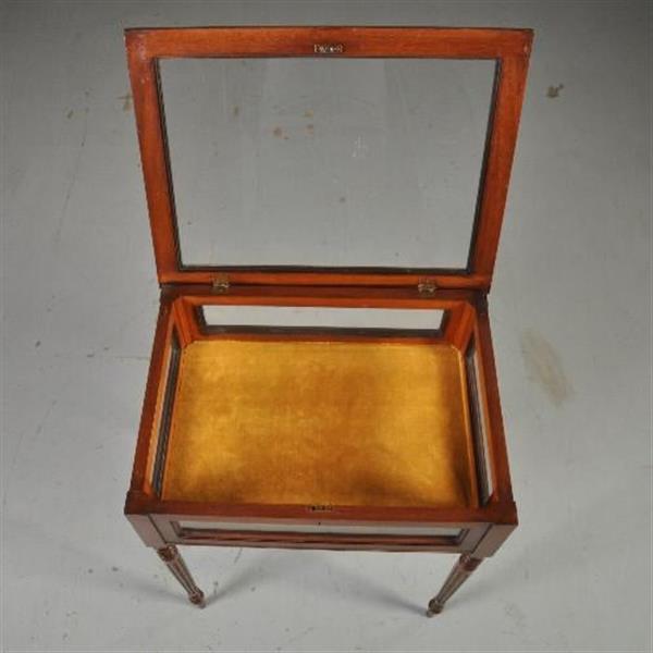 Antieke bijzettafels / Tafelvitrine in mahonie ca. 1890 met aan 5 kanten glas (No.432235)
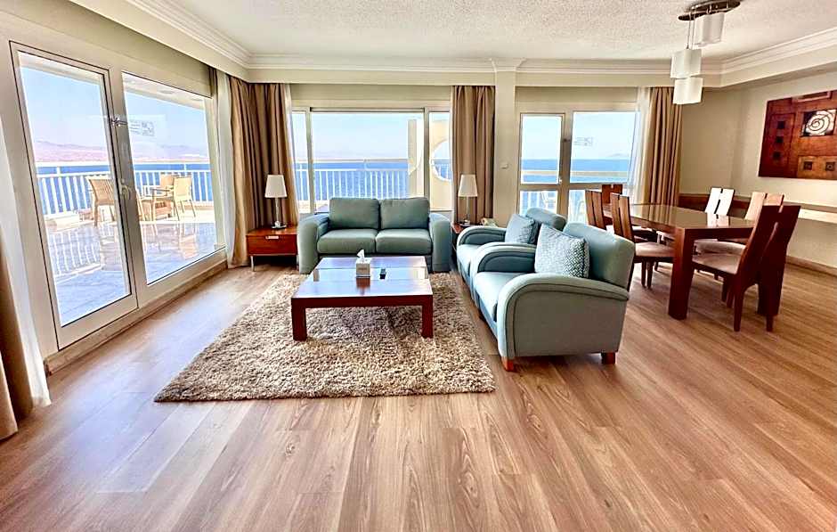 The King Coral Suite offers a terrace, extra space, full sea view and a living room. The suite measures to be 42 sq. m / 452 sq. ft. double balcony of the King Corals Suite showcases the historic Gulf of Aqaba. You’ll also enjoy a view of the Sinai Mountains. Located in the main building, this high-floor suite offering an additional 18 square yards than the standard rooms. The marble bathroom includes a hand-held shower, a telephone and fluffy towels. Room service and housekeeping services are always available. Take your time rising from the comfortable king-sized bed in the private bedroom, sipping a hot beverage from the tea and coffee making facilities. WiFi access and a mini-bar are available (fees apply). This suite sleeps 2 Adults + 2 Child or 3 Adults + 1 Child.
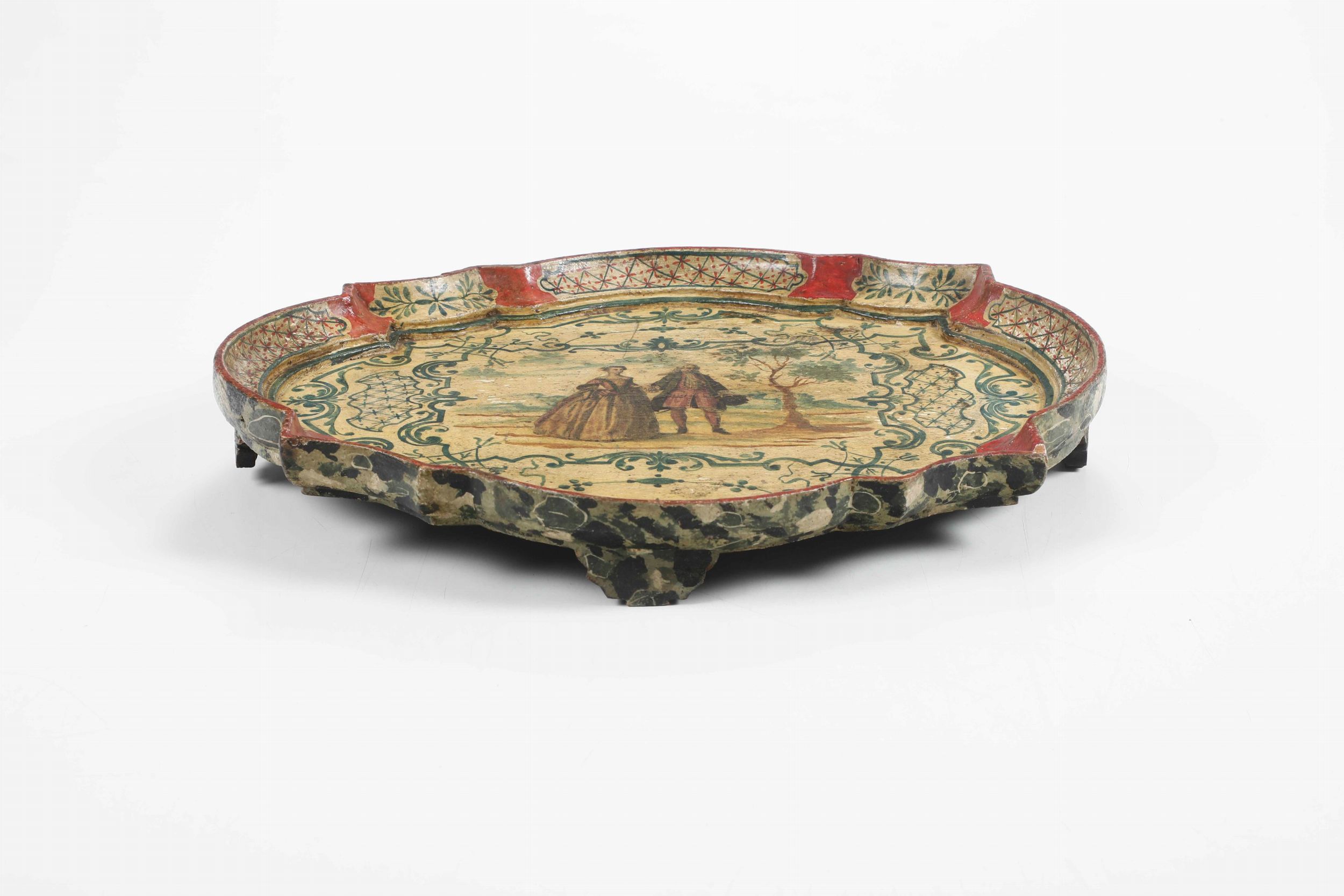 Vassoio in legno laccato e decorato ad arte povera. Venezia, XVIII-XIX secolo

-- Problem requirements --
Copy out the listing above in full and leave out its pictures.

-- Result of the task --
 Antieke bijzettafels / Tafelvitrine in mahonie ca. 1890 met aan 5 kanten glas (No.432235)
 The King Coral Suite offers a terrace, extra space, full sea view and a living room. The suite measures to be 42 sq. m / 452 sq. ft. double balcony of the King Corals Suite showcases the historic Gulf of Aqaba. You’ll also enjoy a view of the Sinai Mountains. Located in the main building, this high-floor suite offering an additional 18 square yards than the standard rooms. The marble bathroom includes a hand-held shower, a telephone and fluffy towels. Room service and housekeeping services are always available. Take your time rising from the comfortable king-sized bed in the private bedroom, sipping a hot beverage from the tea and coffee making facilities. WiFi access and a mini-bar are available (fees apply). This suite sleeps 2 Adults + 2 Child or 3 Adults + 1 Child.
 Vassoio in legno laccato e decorato ad arte povera. Venezia, XVIII-XIX secolo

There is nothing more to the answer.